CHAPTER XVIII.

THE DAWN OF ANOTHER DAY.

"Then she took up her burden of life again,
Saying only 'It might have been.'
God pity them both, and pity us all,
Who vainly the dreams of youth recall;
For of all sad words of tongue or pen,
The saddest are these, 'It might have been.'"

Whittier.

n the dead of night—of that last, sorrowful night—a slight, dark figure had flitted from one of the many doors of Richmond House, fluttered away in the chill night round through the sleeping town. A visitor came to Miss Jerusha's sea-side cottage that night, with a face so white and cold that the snow-wreaths dimmed beside it; the white face lay on the cold threshold, the dark figure was prostrate in the snow-drift before the door, and there the last farewell was taken while Miss Jerusha lay sleeping within. And then the dusky form was whirling away and away again like a leaf on a blast, another stray waif on the great stream of life.

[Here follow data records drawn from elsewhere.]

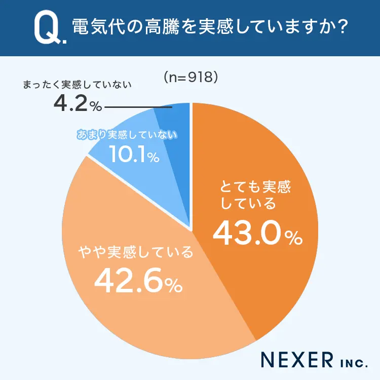 近年、「電気代の高騰」が多くの家庭で深刻な問題として認識されています。株式会社NEXERが実施した全国調査によれば、なんと85.6%の人々が電気代の高騰を実感しているとのことです。厳しい経済情勢の中で、生活に直結する電気代の上昇は、多くの家庭にとって大きな打撃となっています。ここでは、この深刻な問題に対処するための現状と対策について詳しく見ていきましょう。
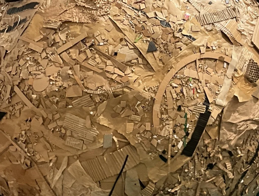 Did you know small pieces in paper recycling don’t always get recycled? It all depends on the sorting methods used in your area, it felt good to be able to mitigate this possibility for this exhibit.
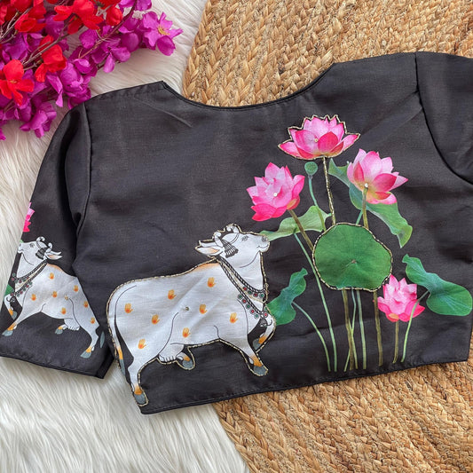Krutik Cow & Lotus Printed Pichwai Blouse With Sequins Handwork
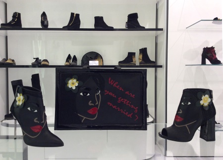 Models can also vary in shape and size of the heel (low, thick, high) or be on a flat sole or wedge.
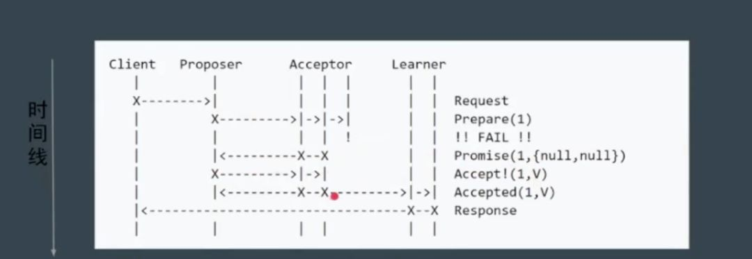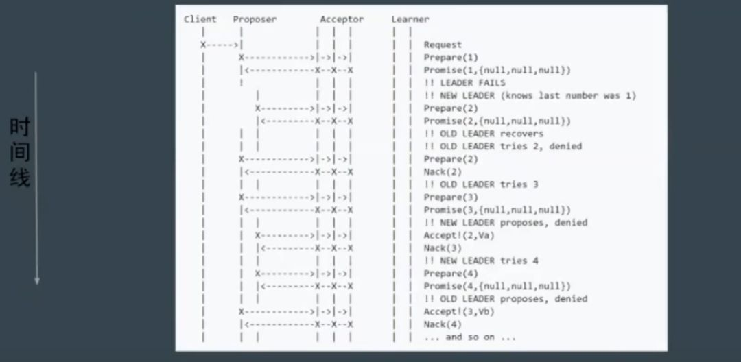 Paxos 存在活锁问题。如图,当 第一个 proposer 在第一阶段发出请求,还没来得及后续的第二阶段请求,紧接着第二个 proposer 在第一阶段也发出请求,如果这样无穷无尽,acceptor 始终停留在决定顺序号的过程上,那大家谁也成功不了,遇到这样的问题,其实很好解决,如果发现顺序号被新的 proposer 更新了,则引入一个随机的等待的超时时间,这样就避免了多个 proposer 发生冲突的问题。
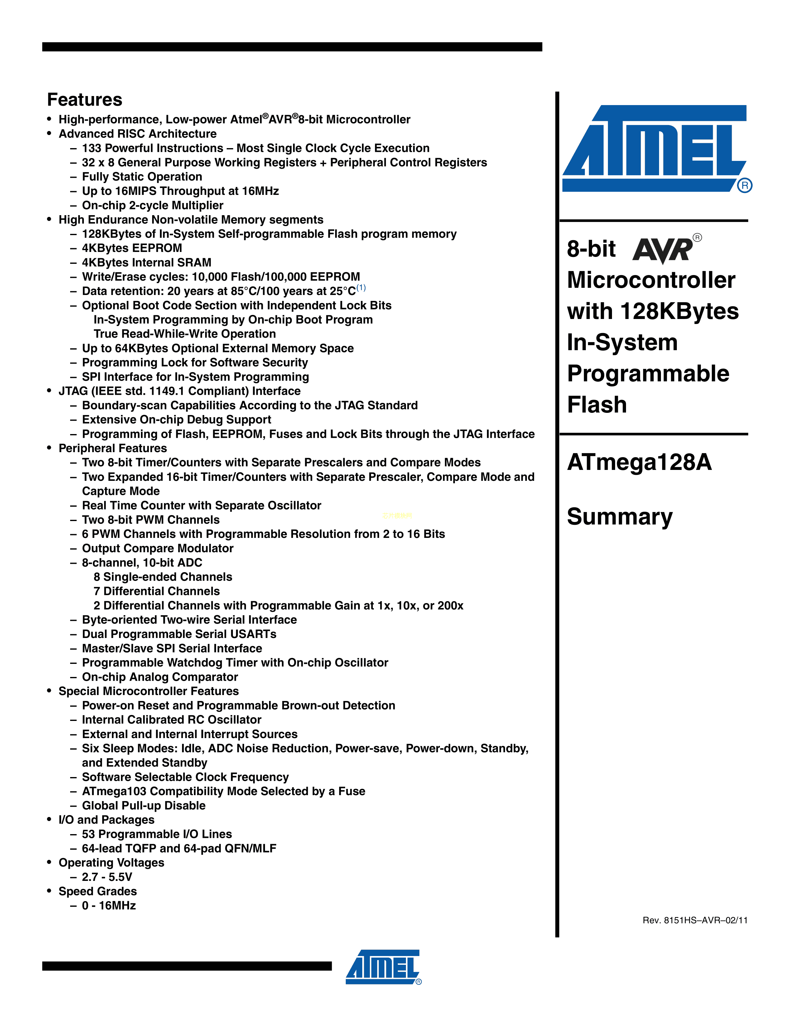 ATMEGA128A-AUPDF規格書,中英文下載
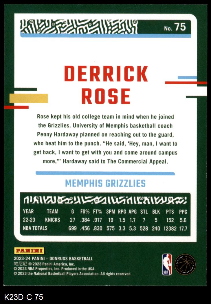 2023 Donruss #75 Derrick Rose 8 - NM/MT
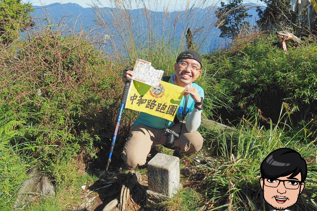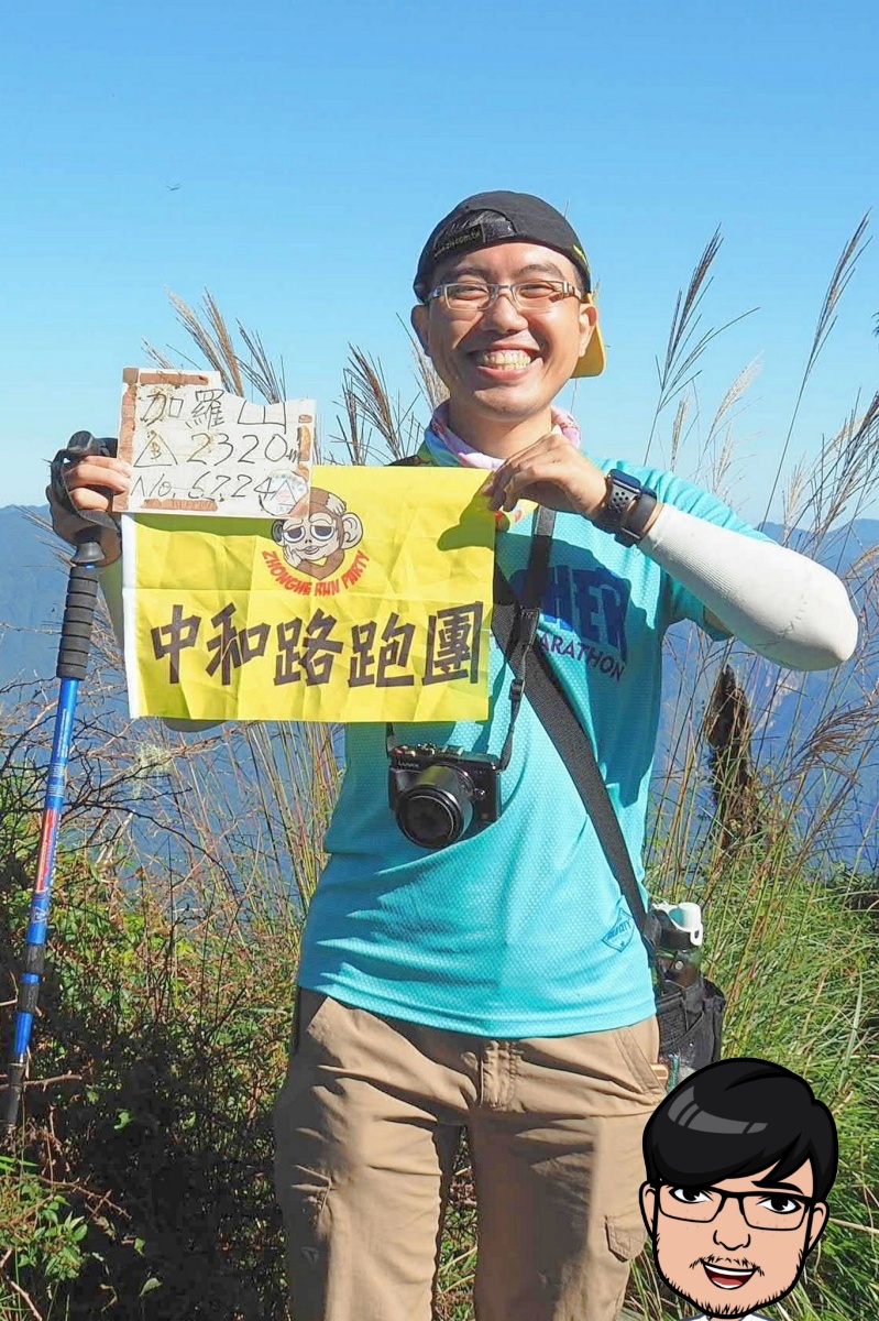 為了證明我真的有登頂加羅山2320公尺,我一定要拿著登頂牌配三角點。剛好是跟很愛團練的中和路跑團來,成員們隨身攜帶中和路跑團的旗幟,於是我以後就知道是跟哪些有緣人一起登頂!
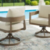 Chairs with All-weather wicker brings durability to a traditional woven wicker look. Hand-applied, wood-look paint finish. Solution-dyed high-performance fabric. Nuvella is an outdoor fabric that can be cleaned and offers enhanced UV resistance. Foam cushion core wrapped in soft polyester for a low-maintenance, comfortable cushion.
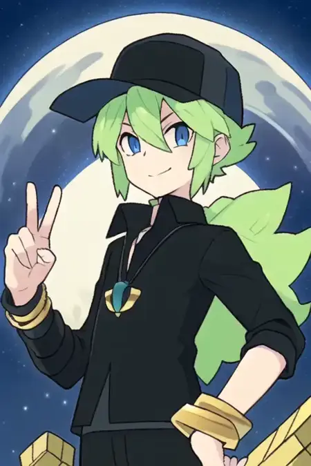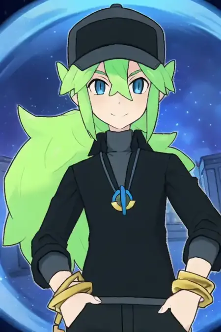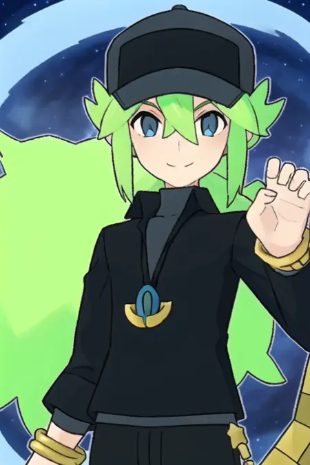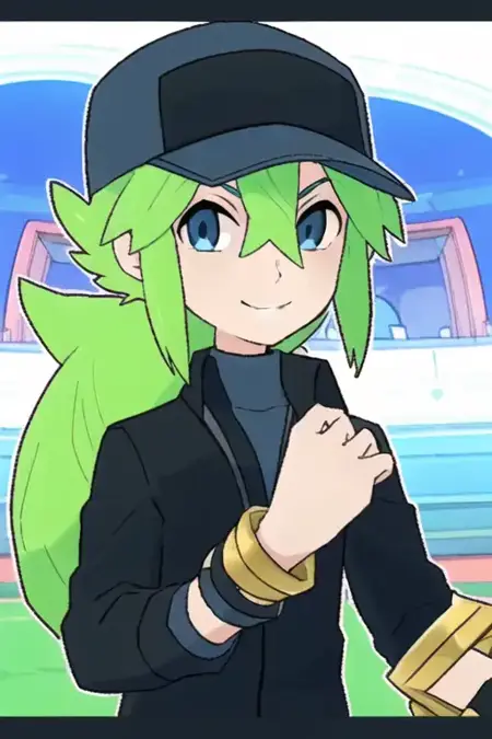natural harmonia black, 1boy, green hair, male focus, long hair, solo, blue eyes, bangs, ponytail, hair between eyes, n blue black hat, baseball cap, n blue black shirt, n black overshirt, n blue shoes, n black pants, n blue undershirt, n jewelry, n silver studded black right bracelet, cube hanging off of pants by a silver chain, n silver cube chain, n gold black cube, n three squares gold left bangle, different bracelets, two bracelets, n blue black gold planet sphere necklace, collared shirt, smile, closed mouth, holding, open mouth, looking at viewer, poke ball, poke ball (basic), holding poke ball, pokemon (creature), standing, hand up, day, full body, from behind, upper body, from below, water, stadium, long sleeves, outdoors, solo focus, from side, hair over one eye, hand on hat, clenched hands, multiple boys, night, traditional media, weapon, gun, sparkle, closed eyes, crowd, card,
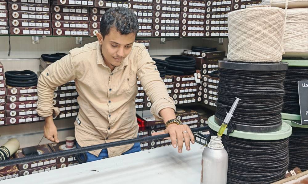 شاب يقوم بصناعة «العقل»، في أحد الأسواق الشعبية بجدة أمس. (تصوير: مديني عسيري)

Six pealed from the town clock of Burnfield. The locomotive shrieked, the bell rang, and the fiery monster was rushing along with its living freight to the great city of New York.

In the dusky gloom of that cold, cheerless winter morning the tall, dark form, all dressed in black and closely vailed had glided in like a spirit and taken her seat. Muffled in caps, and cloaks, and comforters, every one had enough to do to mind themselves and keep from freezing, and no one heeded the still form that leaned back among the cushions, giving as little sign of life as though it were a statue in ebony.